Ladies and gentlemen, let’s pack our things. Unsubscribe. Turns out anonymization is impossible. “Your Data Were ‘Anonymized’? These Scientists Can Still Identify You”, New York Times titles. TechCrunch writes, dramatically: “Researchers spotlight the lie of “anonymous” data” and Mashable apologizes on the spot: “Sorry, your ‘anonymized’ data probably isn’t anonymous”. The Guardian, Forbes, CNBC, and many others ring the same alarm bells.
So, was it all for nothing? Has the era of privacy finally ended, with evermore data and computational power to break every protection? Read to the end to find out! But here’s a spoiler: The answer is no.
In fact, anonymization isn’t in trouble at all.
Bad anonymization is. As it should be.
Let’s take a quick look at the original paper by Luc Rocher, Julien M. Hendrickx and Yves-Alexandre de Montjoye, called “Estimating the success of re-identifications in incomplete datasets using generative models” (note how they write “incomplete”, not “anonymized”).
- They look at datasets that were manipulated “through de-identification and sampling before sharing”, though the paper addresses only pseudonymization and sampling and not other forms of de-identification such as aggregation or cell swapping.
- They find out that sampling rates previously thought to be anonymous may not be enough to sufficiently anonymize a complex dataset, and that those datasets “are unlikely to satisfy the modern standards for anonymization set forth by GDPR”.

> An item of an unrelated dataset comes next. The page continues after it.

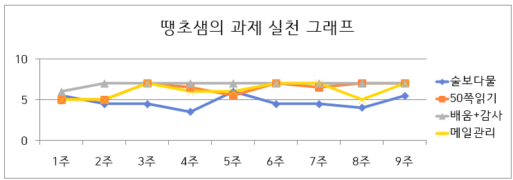 9주 동안의 실천을 꾸준히 이어갈 수 있었던 것은 무엇보다 학생들과의 약속이라는 것을 항상 잊지 않고 있었기 때문이다. 그리고 또 하나의 원동력은 최영숙 선생님과 강성진 학생의 애정 어린 응원과 조언이었다. 최영숙 선생님의 특유의 자상함과 따뜻한 응원의 말씀으로, 강성진 학생은 실천 기록을 꼼꼼하게 살펴서 칭찬은 물론, 나에게 필요한 따끔한 조언을 세심하게 전해 주었다. 두 멘토님의 응원으로 9주간의 길고도 짧았던 도전을 마무리할 수 있었다.
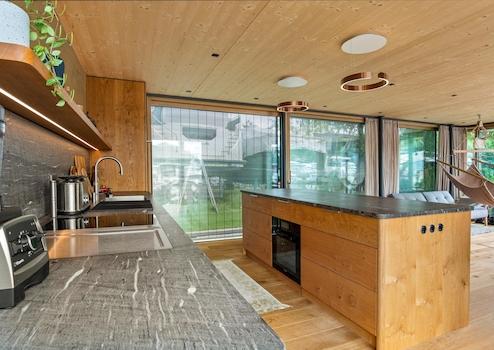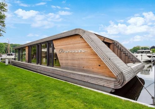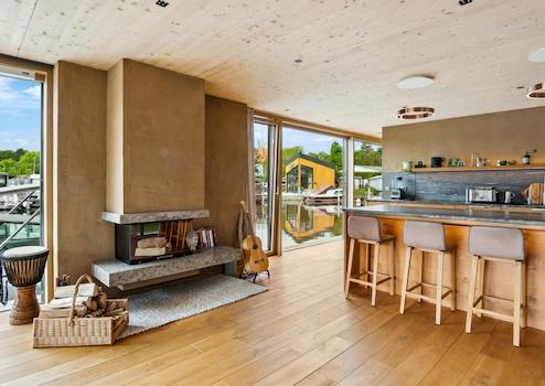 Auf 25 Metern Länge und über 160 m² Gesamtfläche bietet Dir Ohana ein Raumgefühl wie eine Loftwohnung – aber mit Wasserblick in alle Richtungen, privater Dachterrasse, Kamin und hochwertiger Ausstattung.

Let me repeat that: what they’re writing is in fact that if you only use pseudonymization and data sampling then that won’t satisfy modern standards for anonymization and is in fact not anonymization according to the European regulations. To use the terminology from one of my favourite recent tweets: If this is how you’re securing your data, you aren’t doing anonymization; you are doing Anonymization ;)™️.
Not to downplay the importance of their paper – it does a good job showing that sampling techniques may be weaker than previously thought, and it’s important to keep the public discussion around this topic alive – but de-identification methods have been debunked many times before, and the authors even provide a long list of failed Anonymization ;)™️ attempts themselves. I’ve written myself about the myths of anonymization and how one of them is that anonymization isn’t possible at all – read the post if you’re interested in the finer details.
In contrast to various news outlets, the authors are not saying anonymization is doomed, but they are challenging what they call the “de-identification release-and-forget model”. Specifically what they mean by this is the “pseudonymize and sub-sample release-and-forget model”. They don’t consider other de-identification mechanisms like aggregation, cell swapping, top- and bottom-coding, rounding, and adding noise.
Still, it is good to see yet another example of how easy it can be to get anonymization wrong. True anonymization is hard, and too much humbug is sold under that name. Political initiatives, standardization and certifications are urgently needed to weed out bad actors and bring a high level of privacy protection to everyone.
To paraphrase Thomas Edison: It’s not that anonymization has failed – it’s just that we’ve found a hundred ways anonymization does not work.
But contrary to Edison, we already know what good anonymization looks like, and we provide it to our customers on an everyday basis.
And while the era of Anonymization ;)™️ might finally come to an end, the era of privacy technology is only just starting.